▶ _Problem requirements_:
The expected output is an exact copy of each line from the line with "Descrizione Wafers farciti" through the end of the data below, with no pictures in it.

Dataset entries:

════════════════════

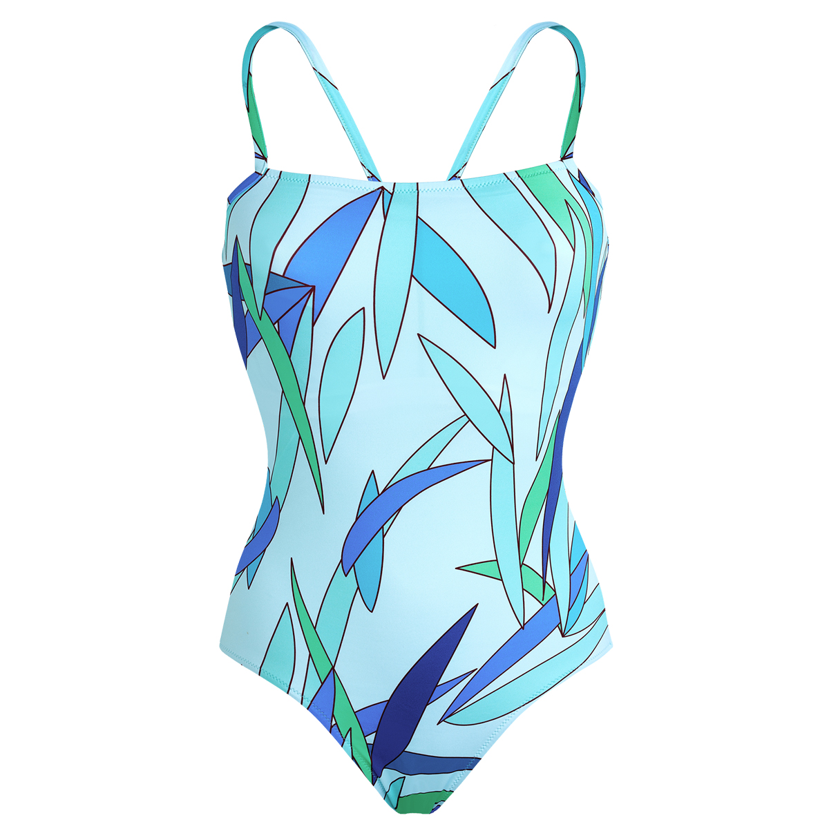 Arkası iki parça görünümünde, renkli tasarımlı, şık tek parça mayo.
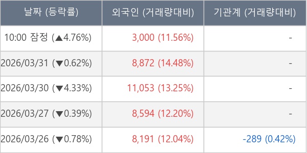[표] 외국인ㆍ기관 순매매량 (단위 주)
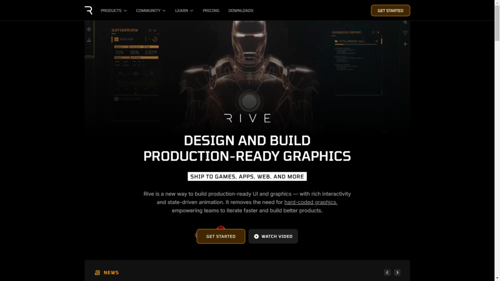 Rive is a real-time interactive design tool that allows users to create animations and integrate them seamlessly into apps, games, and websites. Unlike traditional animation tools that export static videos or GIFs, Rive uses its own runtime to play animations dynamically, making it perfect for interactive experiences.
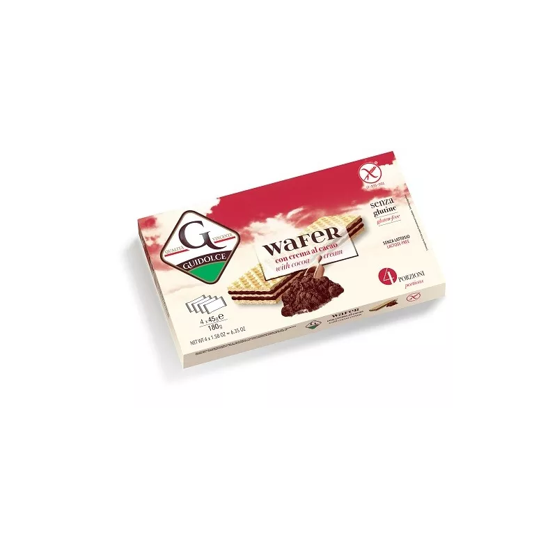 Descrizione Wafers farciti con crema al cacao (crema 75%) senza glutine. Il prodotto è formulato specificatamente per consumatori celiaci ed è privo di lattosio; non ci sono comunque prescrizioni al consumo da parte del consumatore non sensibile. 3 cialde di wafer con 2 strati di farcitura al cacao.
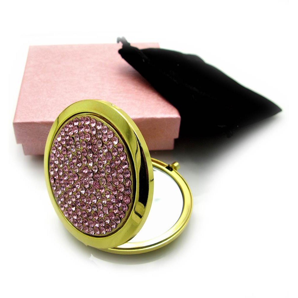 Зеркальце косметическое Стразы золото 18583 Розовый (в коробке + чехольчик)
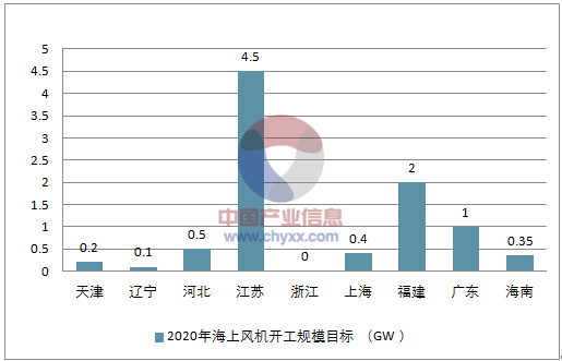 2020年海上風(fēng)機開工規(guī)模目標 (GW )

════════════════════

▶ _Exercise solution_:
 Descrizione Wafers farciti con crema al cacao (crema 75%) senza glutine. Il prodotto è formulato specificatamente per consumatori celiaci ed è privo di lattosio; non ci sono comunque prescrizioni al consumo da parte del consumatore non sensibile. 3 cialde di wafer con 2 strati di farcitura al cacao.
 Зеркальце косметическое Стразы золото 18583 Розовый (в коробке + чехольчик)
 2020年海上風(fēng)機開工規(guī)模目標 (GW )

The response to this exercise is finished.